The despair at the inaction of Labor is growing louder. The groups they are supposed to represent are under attack and all we hear is endless support for Tony Abbott’s warmongering.

Labor have been gifted a first year of Abbott government that has been so bad that they should be seizing the opportunity to reshape themselves as a viable alternative but all we hear is “our policies will be revealed in good time before the next election and they will be fully costed” or “we aren’t the government”.

A quick look at the last few days news stories provide endless material that, for some unknown reason, Labor seems too ineffective to capitalise on.

Our Prime Minister for Women has delivered a budget which modelling shows that the worst hit – by far – will be women in low-income households.

Just as Tony Abbott releases one of his ‘earnest and sincere’ videos saying that his government’s main motivations in future will be “protecting the vulnerable”, it might be opportune to point out that analysis, conducted by the Australia Institute, shows women in the poorest 20 per cent of households will be $2566 worse off in 2017 as a result of the budget.
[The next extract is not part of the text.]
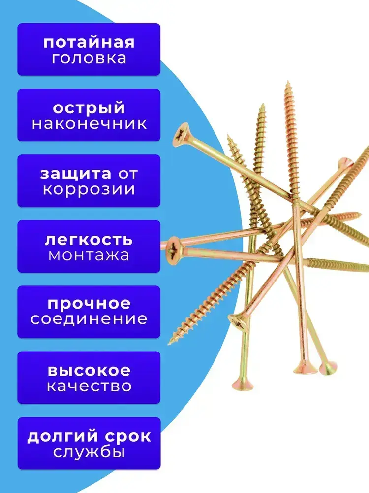 Саморезы по дереву желтые 6х150 жёлтый цинк. 1кг

Women in the wealthiest 20 per cent of households will be only $77 worse off on average in 2017.

Or perhaps, as our Prime Minister for Indigenous Affairs jets off on his long-awaited trip to Arnhem Land, it might be worth mentioning the report in the SMH saying

Tony Abbott’s takeover of indigenous affairs is in “disarray“, public service insiders allege, with hundreds of specialist public servants retrenched, funding and programs stalled and staff morale in the “doldrums”.
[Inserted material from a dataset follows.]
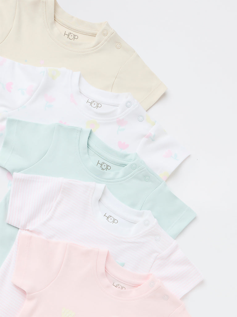 Refresh your little one’s essentials with this HOP Baby five multicolour T shirt set. Crafted from pure cotton fabric, each piece feels gentle on delicate skin and offers snug comfort through the day. Designed in pastel hues with floral prints and striped variants for a girly charm, the multi colour set features a crew neckline and short sleeves for everyday ease.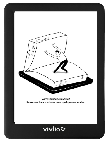 Lors du démarrage de la liseuse, un visuel de l’appareil s’affiche à l’écran, accompagné de la mention "Votre liseuse se réveille".

Senior leaders in the Prime Minister and Cabinet department’s Indigenous Affairs Group have based themselves in Canberra’s dress circle, nearly 10 kilometres away from their rank-and-file workers, who are still reeling after repeated restructures to their workplaces.”
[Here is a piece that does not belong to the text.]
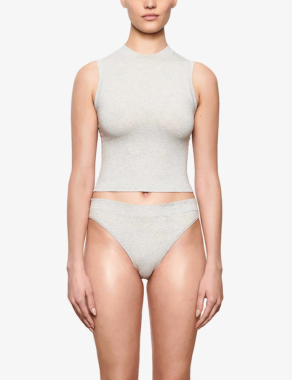 - Slim fit, mock neck, sleeveless, all-over marl weave

Now would be a good time to remind people of how much Tony Abbott has cut from the Indigenous Affairs budget and how many services are closing.

“For decades the North Australian Aboriginal Justice Agency (NAAJA) has been providing legal aid in the remote town of Nhulunbuy, on the northern tip of Arnhem Land, as well as in the nearby community of Yirrkala and surrounding outstations.

But the agency is set to close its doors in Nhulunbuy at the end of the year, in anticipation of severe budget cuts, and is seeking a meeting with the Prime Minister during his visit.”

With the revelations from ICAC proving just how endemic corruption is in our political system, now would be a good time to push for a Federal ICAC.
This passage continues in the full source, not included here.